GAUTENG DIVISION, PRETORIA

 

(1)           REPORTABLE: YES/NO

(2)           OF INTEREST TO OTHER JUDGES: YES/NO

(3)           REVISED.

 

CASE NO.: 54320/2017

25/3/2020

 

 

 

In the matter between:



ROAD ACCIDENT FUND                                                                              Applicant/Defendant

 

and



MPHO IAN MAILA                                                                                        Respondent/Plaintiff

 

JUDGMENT

 

VAN DER WESTHUIZEN, J

 

[1]        A legal principle is akin to a norm. A norm is that which you measure against to determine whether you comply or not. You measure your conduct, behaviour, circumstances and the like. Conduct, behaviour and circumstances are the facts in their context to be measured. Likewise, facts, cold, clear and unambiguous, inclusive of their context, are to be measured against the particular legal principle. To ignore the relevant context of the facts would be destructive.

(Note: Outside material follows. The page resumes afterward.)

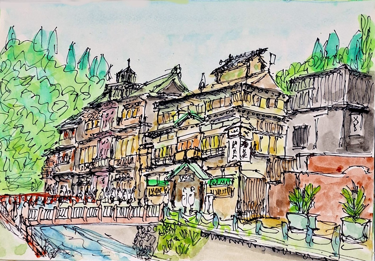 銀山溫泉位於山形縣深山之中,沿著蜿蜒的河流而建,整個小鎮像是從古老時光中走出來的畫面。木造旅館層層疊疊,屋頂覆著暗紅色或深棕色的瓦片,窗戶透著昏黃的燈光,傍晚時分整條街道被柔和的光暈包圍,帶著一種靜謐而溫暖的氣息。 街道兩旁鋪著石板路,走起來發出輕微的回聲,河邊的欄杆上掛著小小的燈籠,微風吹過,燈光輕輕晃動。旅館門前的木質看板和吊掛的布簾,隱約散發出傳統日式風格的韻味,令人忍不住放慢腳步。偶爾有遊客輕聲交談或踏水而過,聲音不大,卻讓整個溫泉街更顯生活氣息。 站在橋上望去,河水映著兩岸旅館的倒影,煙霧從溫泉湯屋中升起,像是為小鎮覆上了一層夢幻的薄紗。速寫筆下,木窗、瓦屋與燈光交錯成獨特的韻律,每一筆都想捕捉那份恬靜與懷舊感,彷彿時間在這裡緩緩流動,不忍打擾。 |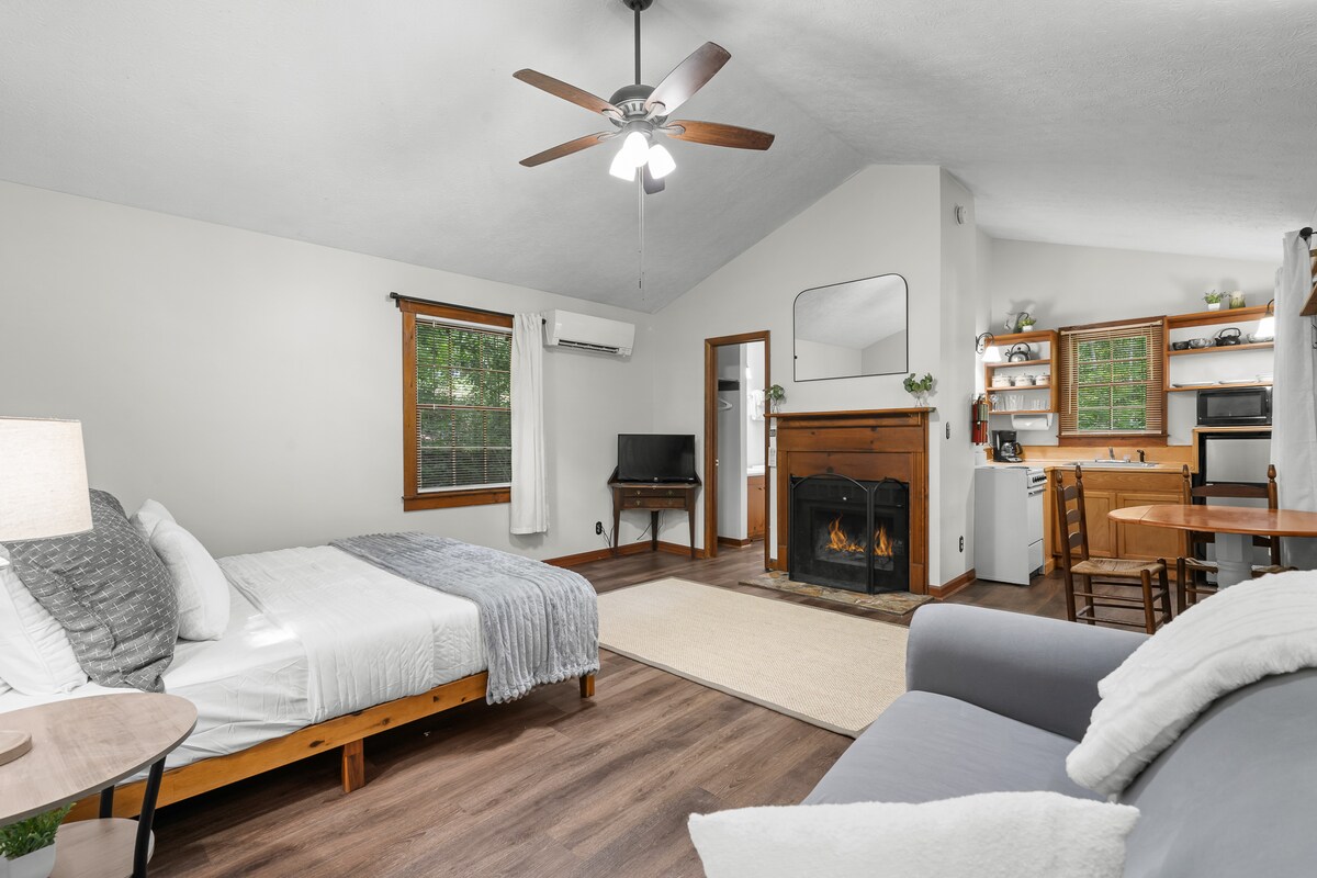 Nestled among tranquil trees in Blairsville, GA. This cozy studio cabin is perfect for couples or solo adventurers, with easy access to scenic hiking trails, waterfalls, & towns of Helen & Blue Ridge. The cabin sits on a wooded hillside & is reached by outdoor steps to the entrance, adding to the peaceful mountain setting. Relax in the open studio with fireplace & kitchenette, or unwind on the porch rocking chair and breathe the fresh mountain air. Ask about our other cabins for group getaways.

[2]        The applicant, the defendant in the main action, applies for leave to appeal against my judgment delivered on 13 August 2019. A number of grounds are stipulated in the application for leave to appeal. During oral argument, Ms Ferguson, who appears on behalf of the applicant, has highlighted three specific grounds. In general, those represent the classes of the specific grounds set out in the application for leave to appeal. I shall thus not deal with each individual ground, but deal with the three highlighted grounds.

[3]        This application was initially foreshadowed with an “application for condoning the lateness of the application” that is contained in the application for leave to appeal in view thereof that the application for leave to appeal was delivered out of the prescribed period. The application for leave to appeal was set down during the latter part of 2019. The manner in which that “application” was brought, leaves much to be desired. The condonation issue was raised as a ground of appeal. For that reason, this application for leave to appeal was postponed to enable the applicant/defendant to bring a proper application for condonation. The application for condonation is opposed by the applicant. The opposition is on two bases: firstly, there is no reasonable explanation for the delay in launching the application for leave to appeal, and secondly, the prospects of success in respect of the appeal in itself is less than bleak.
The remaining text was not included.